Das Olivenöl promoten Sie nun verstärkt. Neulich haben Sie in Kooperation mit der Organisation „Consorzio Nazionale degli Olivicoltori“ (Konsortium der Olivenöl-Hersteller) einen Informations- und Genussabend rund ums Olivenöl in Stuttgart gestaltet. Das kalt gepresste Olivenöl stand im Mittelpunkt der Leckereien, weshalb setzen Sie diesen Schwerpunkt?
Also, fast mehr als der Wein, gehört das Olivenöl zum italienischen Kulturgut, finde ich. Ach was, ich gehe noch weiter, das Olivenöl gehört zum Küchenschatz der Italiener. Außerdem ist Olivenöl ein ungemein wichtiger Gesundheitsbeitrag zur Ernährung, das wird immer noch unterschätzt. Ich bin der Deutschland-Repräsentant des „Consorzio“. Wir haben in Stuttgart begonnen. Gerade sind wir dabei, das Olivenöl in ganz Europa vorzustellen. Es ist einfach sensationell zu sehen, wie durch Technik und Fortschritt – ich war übrigens noch nie gegen Technik – eine Rückverfügbarkeit des Olivenöls stattfindet…
„Lichtjahre von anderen Küchen entfernt“
Was kann man sich vorstellen unter „Rückverfügbarkeit“ des Olivenöls?
Nun, es ist ein System und einmaliger Vorgang, die Herstellung des Olivenöls in einzelne Schritte aufzugliedern, also vom Einsammeln der Oliven, der Beschreibung der Rasse, bis hin zum Konsumenten – wie wird das Öl produziert, wie wird es abgefüllt, welche Voraussetzungen müssen gegeben sein, und so weiter. Italien ist weltweit die Nummer eins in diesem Bereich und Lichtjahre von anderen Küchen entfernt.
Also von wegen Olivenöl ist gleich Olivenöl?
Hören Sie, es gibt etliche Nuancen. Entscheidend ist aber immer die Qualität der Oliven. Olivenöl bedeutet auch einen geographischen Schatz zu haben. Oliven sind eine Sache von über 1000 Jahren… Oliven wurden nicht aus Syrien, Persien oder sonstwo nach Italien gebracht. Die Oliven gab es in Italien als Grundprodukt schon immer. Die Oliven, das Olivenöl ist neben Wasser das gesündeste Element aller Dinge. (de Santis schwärmt richtig, ganz euphorisch berichtet Sante über das Öl)
Worauf kommt es an, worauf sollten Konsumenten achten?
Jeder sollte sich fragen, wofür brauche ich das Olivenöl? Zum Braten, für Salate?

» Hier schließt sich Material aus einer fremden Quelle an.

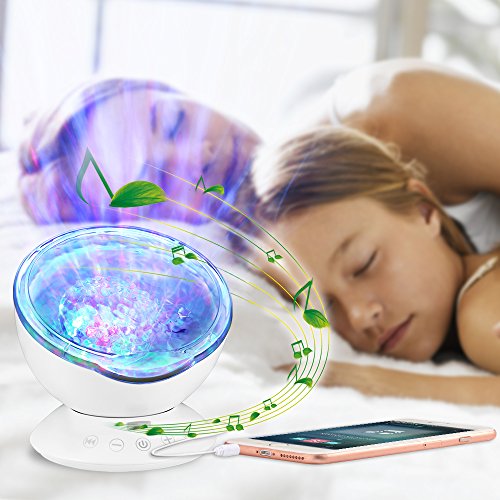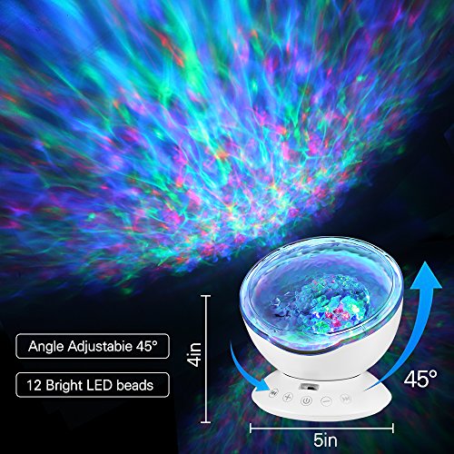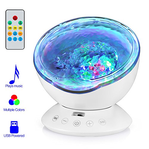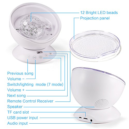 Studio : Hallomall Publisher : Hallomall Binding : Baby Product Product Description Special Features on Ocean Wave Projector: ◆7 colorful light mode rotate mode ◆12 bright led beads ◆Smart touch sensor key ◆Remote control ◆Angle adjustable ◆Built-in music ◆TF card slot ◆Audio input ◆1H/2H/4H auto off timer How to use it: 1. Connect USB to computer(or others ) 2. Turn the bottom switch on 3. Push the POWER BUTTON (the middle one among the five) for 3 seconds 4.Then comes out the light and music! For more operation, please refer to the user manual Kindly Notes: 1. Please do not allow children under 6 years old to use it alone 2. Please do not place the product on non-flat surface to prevent fall broken 3. This product is non-waterproof, prohibited storage or use in the place of humid or high temperature Specification: Rated volt/current: DC5V/1A Rated power: 2W Speaker: 4Ω/3W Respond frequency: 160Hz-20KHz Motor specification: 5V/13 circle Product material: ABS/PC/Metal/Electronic components USB cable length: 1.2M/3.95ft Audio cable length: 0.6M/1.97ft Packaging Included: 1*Ocean wave night light 1*audio cable 1*matched USB cable 1*remote control(batteries not included) 1*user manual

Aber nicht jeder „Otto Normalverbraucher“ hat doch zwei oder drei verschiedene Olivenöl-Flaschen im Haus…
Eben, das weiß ich, obwohl es besser wäre. Aber man kann darauf achten, dass kalt gepresstes Olivenöl nicht über 120 Grad erhitzt werden soll, denn dann wäre es genauso schädlich, wie wenn man mit Butter hoch erhitzt brutzelt. Natives kalt gepresstes Olivenöl gehört aber in jede Küche, und man soll es sanft verwenden. Mit Olivenöl hat man zudem eine günstige Medizin gegen einige Krankheitsbilder im Haus. Jeden Morgen einen Esslöffel Olivenöl vor dem Frühstück beugt schon Infektionen vor.
Das Olivenöl ist Ihnen wirklich heilig, hören wir heraus…
(lacht) Kann man schon so sagen…ich denke an die Schönheit des Olivenbaums. Ich gehe soweit zu sagen, die Geschichte der Menschen kann man aus den Knoten des Olivenbaums erkennen. Denken Sie doch an die politischen und geographischen Probleme in Italien, aber unsere Küche wird immer leben und von vielen Menschen geschätzt werden.
Was bekommen die Hobbyköche, außer Olivenöl, in Ihrer Kochschule geboten?
Auf alle Fälle nicht nur Kochtipps und Rezepte. Meine Gäste und Hobbyköche wollen genießen und einen netten Abend verbringen. Ich provoziere mitunter, und wir diskutieren über Politik und Philosophie, über das Leben… wie soll ich sagen, wir zelebrieren eine Art „Tischkultur“.
Signor‘ de Santis, vielen Dank für das interessante Gespräch.